### Work to be completed
Exactly as they stand, give the records below again, with no images.

[Data excerpts]
════

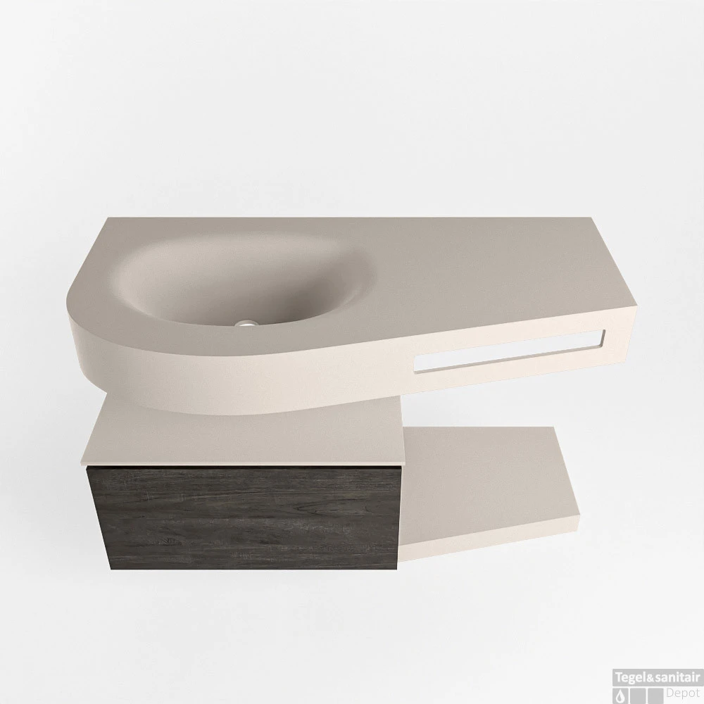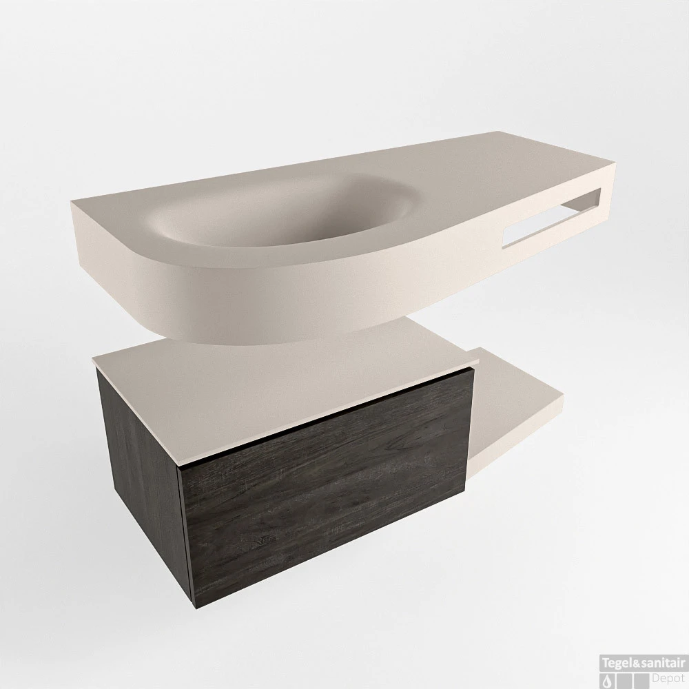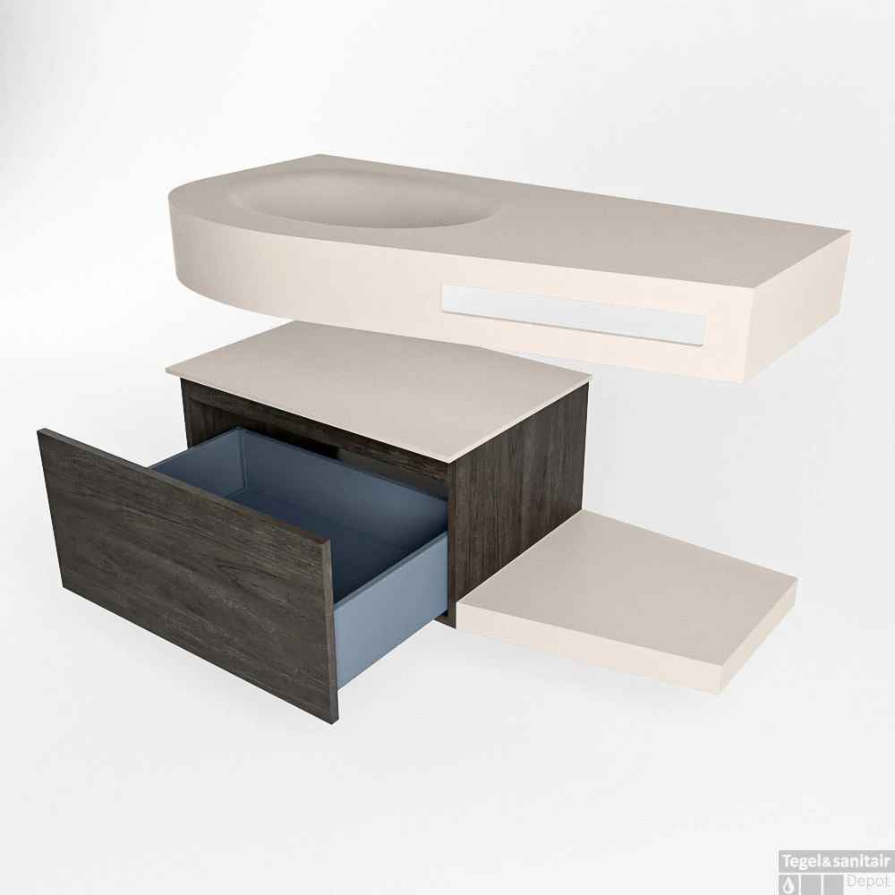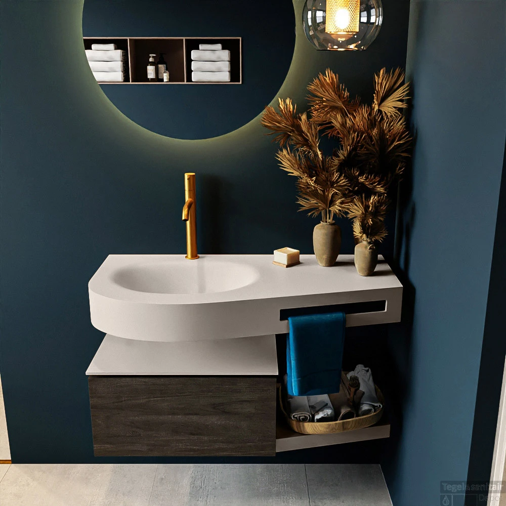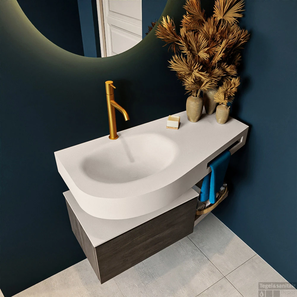 Deze set staat niet alleen mooi in een luxe hotelkamer maar kan ook een fantastische blikvanger zijn in uw badkamer. De speciale vorm van de wastafel DULCET en de geïntegreerde handdoek houder zorgen ervoor dat ook in de kleinere badkamer je kunt genieten van deze hotel chique uitstraling. De badmeubel in deze afbeeldingen is de RIVA 100cm badkamermeubel met onderkast in de kleur Dark_Brown. De RIVA heeft een vrij hangende onderkast met 1 lade waarin voldoende ruimte is voor uw badkamer spulletjes. Het solid surface planchet heeft dezelfde toelopende vorm als de wastafel. Het planchet geeft u ruimte om mooie badkamer producten te laten zien.
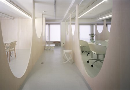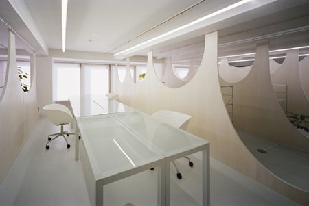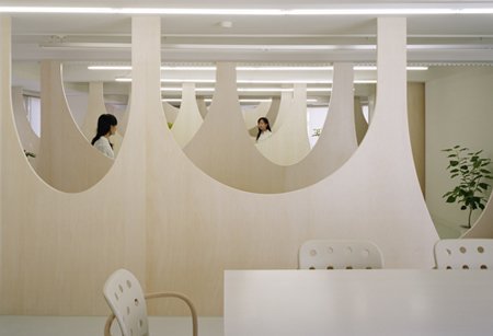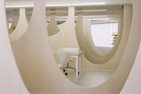 雖然這樣的全隔斷型辦公室裝修不常見,但它有一個天生的好處:在保證一定私密性的同時,空間的連貫性也得到一定程度的保留。只是我在想,在這里工作的人們是不是每天上班前都要默念,第幾排、第幾座,不然坐錯辦公桌那得多有意思啊。
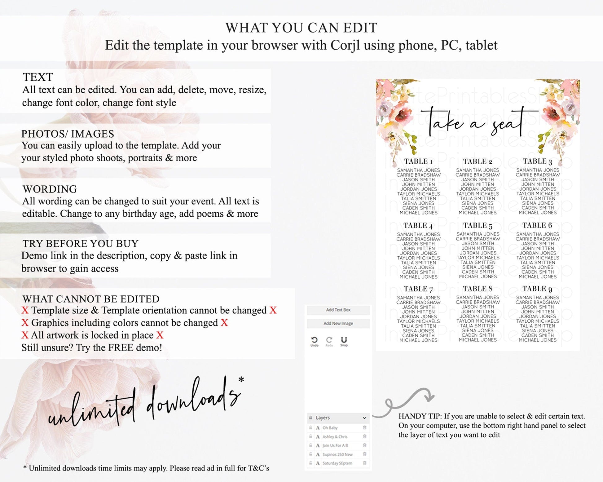 Secret Garden Seating Chart Wildflower Seating Chart Pastel Flowers Seating Chart Enchanted Garden Boho Floral Take A Seat Decor D10194
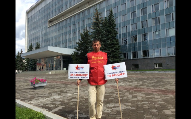 На плакатах выражена принципиальная позиция партии – "Родина своих не бросает" и в знак солидарности с новосибирскими партийцами - "Партия "РОДИНА" - за свободу выборов новосибирцев".
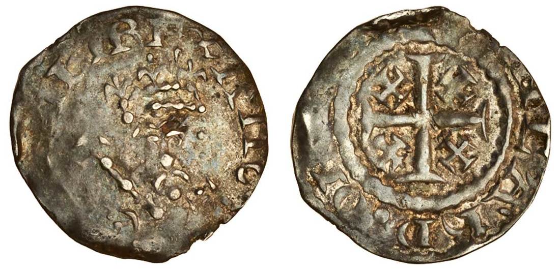 Henry II (1154-1189), ‘Tealby’ coinage, 1158-80, Penny, 1.28g, class A1, Bristol, Tancard, facing crowned bust, sceptre top left, rev. [ ]ncard:on[ ], cross potent with a small cross potent in each angle (BMC 11; N952/1; S.1337), good fine the reverse better, rare
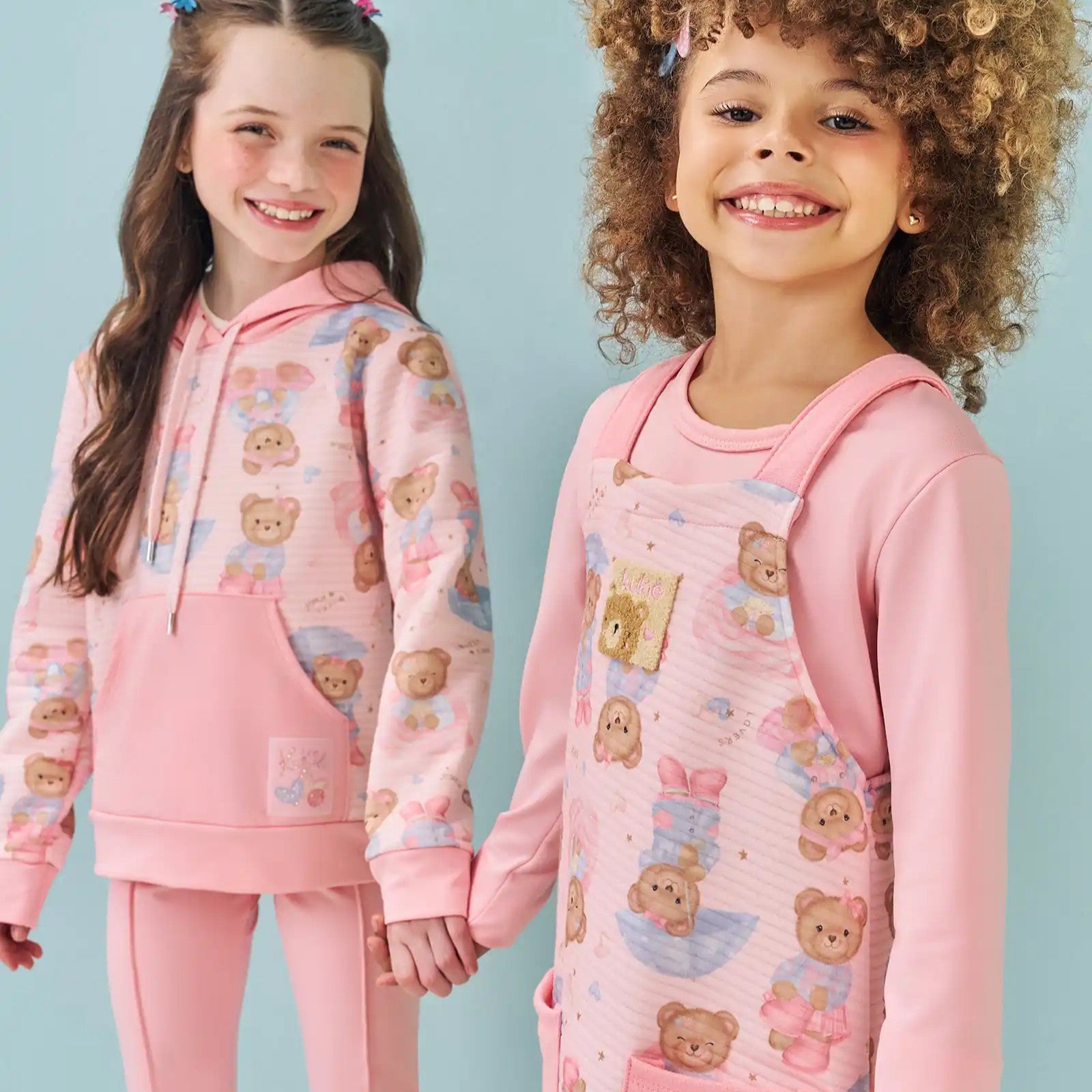 O conjunto infantil da Kukiê é composto por um moletom com capuz e calça legging, ambos confeccionados em tecido macio e confortável, ideal para os dias mais fresquinhos. O moletom apresenta estampa divertida e delicada de ursinhos em tons suaves, com bolso canguru funcional e acabamento canelado nas mangas, proporcionando um toque lúdico e acolhedor ao visual. A calça possui modelagem ajustada, garantindo liberdade de movimento e conforto durante todo o dia. Perfeito para momentos de lazer, passeios em família ou até mesmo para um look estiloso no dia a dia, esse conjunto une praticidade, charme e qualidade para deixar as pequenas ainda mais encantadoras.
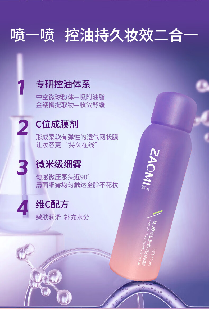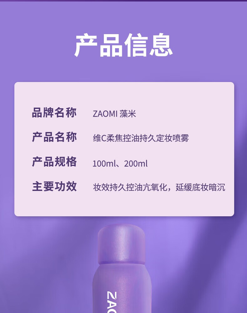 藻米【便宜包邮专享】维C柔焦控油持久定妆喷雾100ML 200ML修饰油光 100ml单支 控油专研体系
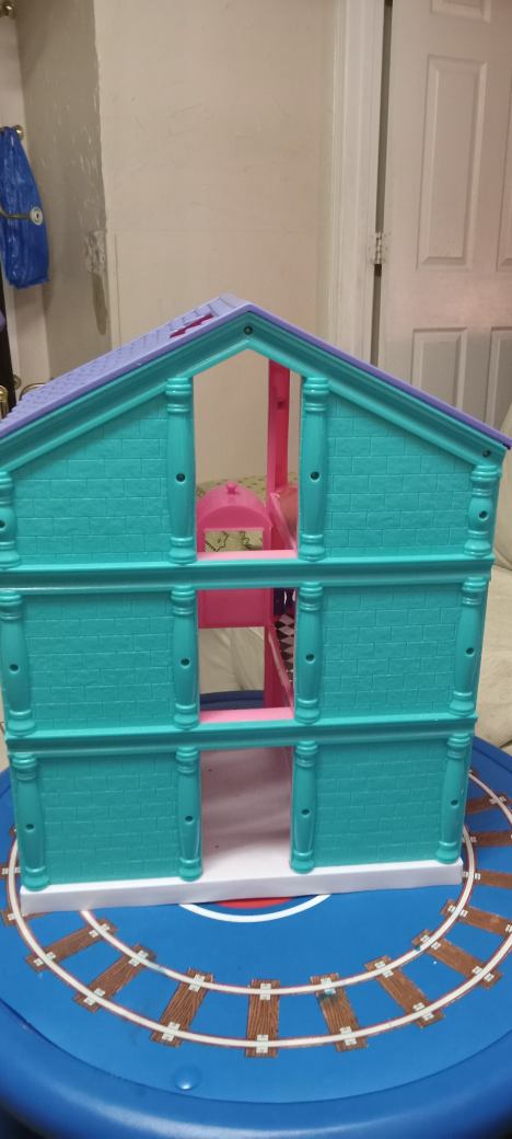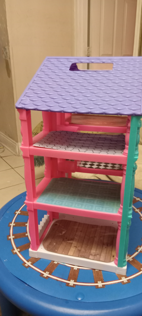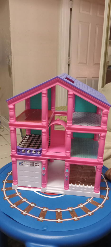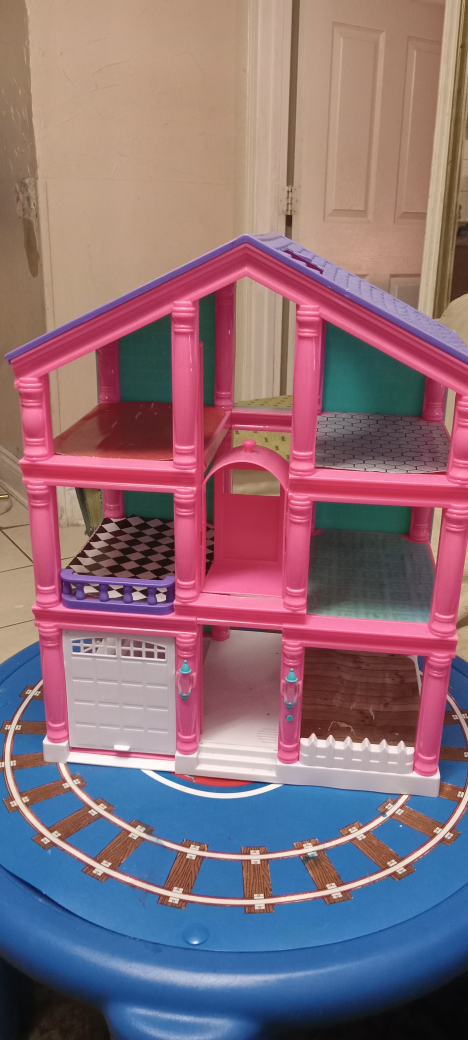 cute dollhouse with a pink and purple colour scheme! It's a three-story house with a garage. Perfect for your little one's dolls!
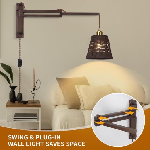 Ideal for a variety of settings, from bedrooms and living rooms to offices and reading nooks, this plug-in wall sconce brings both beauty and practicality to your home decor.
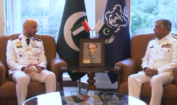 راولپنڈی: سربراہ پاک بحریہ ایڈمرل نوید اشرف سے کمانڈر متحدہ عرب امارات نیول فورسز میجر جنرل اسٹاف حمید محمد عبداللہ نے نیول ہیڈکوارٹرز...
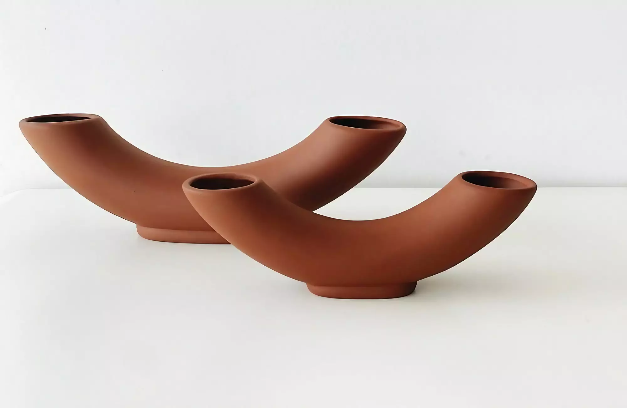 Vase Setti - Koriste - Laatta Punainen - 100% Keraaminen - Koko: 27x4x8 cm & 36x5x10 cm - Tyylikäs Sisustusratkaisu

════

### Reply to the exercise
 Deze set staat niet alleen mooi in een luxe hotelkamer maar kan ook een fantastische blikvanger zijn in uw badkamer. De speciale vorm van de wastafel DULCET en de geïntegreerde handdoek houder zorgen ervoor dat ook in de kleinere badkamer je kunt genieten van deze hotel chique uitstraling. De badmeubel in deze afbeeldingen is de RIVA 100cm badkamermeubel met onderkast in de kleur Dark_Brown. De RIVA heeft een vrij hangende onderkast met 1 lade waarin voldoende ruimte is voor uw badkamer spulletjes. Het solid surface planchet heeft dezelfde toelopende vorm als de wastafel. Het planchet geeft u ruimte om mooie badkamer producten te laten zien.
 雖然這樣的全隔斷型辦公室裝修不常見,但它有一個天生的好處:在保證一定私密性的同時,空間的連貫性也得到一定程度的保留。只是我在想,在這里工作的人們是不是每天上班前都要默念,第幾排、第幾座,不然坐錯辦公桌那得多有意思啊。
 Secret Garden Seating Chart Wildflower Seating Chart Pastel Flowers Seating Chart Enchanted Garden Boho Floral Take A Seat Decor D10194
 На плакатах выражена принципиальная позиция партии – "Родина своих не бросает" и в знак солидарности с новосибирскими партийцами - "Партия "РОДИНА" - за свободу выборов новосибирцев".
 Henry II (1154-1189), ‘Tealby’ coinage, 1158-80, Penny, 1.28g, class A1, Bristol, Tancard, facing crowned bust, sceptre top left, rev. [ ]ncard:on[ ], cross potent with a small cross potent in each angle (BMC 11; N952/1; S.1337), good fine the reverse better, rare
 O conjunto infantil da Kukiê é composto por um moletom com capuz e calça legging, ambos confeccionados em tecido macio e confortável, ideal para os dias mais fresquinhos. O moletom apresenta estampa divertida e delicada de ursinhos em tons suaves, com bolso canguru funcional e acabamento canelado nas mangas, proporcionando um toque lúdico e acolhedor ao visual. A calça possui modelagem ajustada, garantindo liberdade de movimento e conforto durante todo o dia. Perfeito para momentos de lazer, passeios em família ou até mesmo para um look estiloso no dia a dia, esse conjunto une praticidade, charme e qualidade para deixar as pequenas ainda mais encantadoras.
 藻米【便宜包邮专享】维C柔焦控油持久定妆喷雾100ML 200ML修饰油光 100ml单支 控油专研体系
 cute dollhouse with a pink and purple colour scheme! It's a three-story house with a garage. Perfect for your little one's dolls!
 Ideal for a variety of settings, from bedrooms and living rooms to offices and reading nooks, this plug-in wall sconce brings both beauty and practicality to your home decor.
 راولپنڈی: سربراہ پاک بحریہ ایڈمرل نوید اشرف سے کمانڈر متحدہ عرب امارات نیول فورسز میجر جنرل اسٹاف حمید محمد عبداللہ نے نیول ہیڈکوارٹرز...
 Vase Setti - Koriste - Laatta Punainen - 100% Keraaminen - Koko: 27x4x8 cm & 36x5x10 cm - Tyylikäs Sisustusratkaisu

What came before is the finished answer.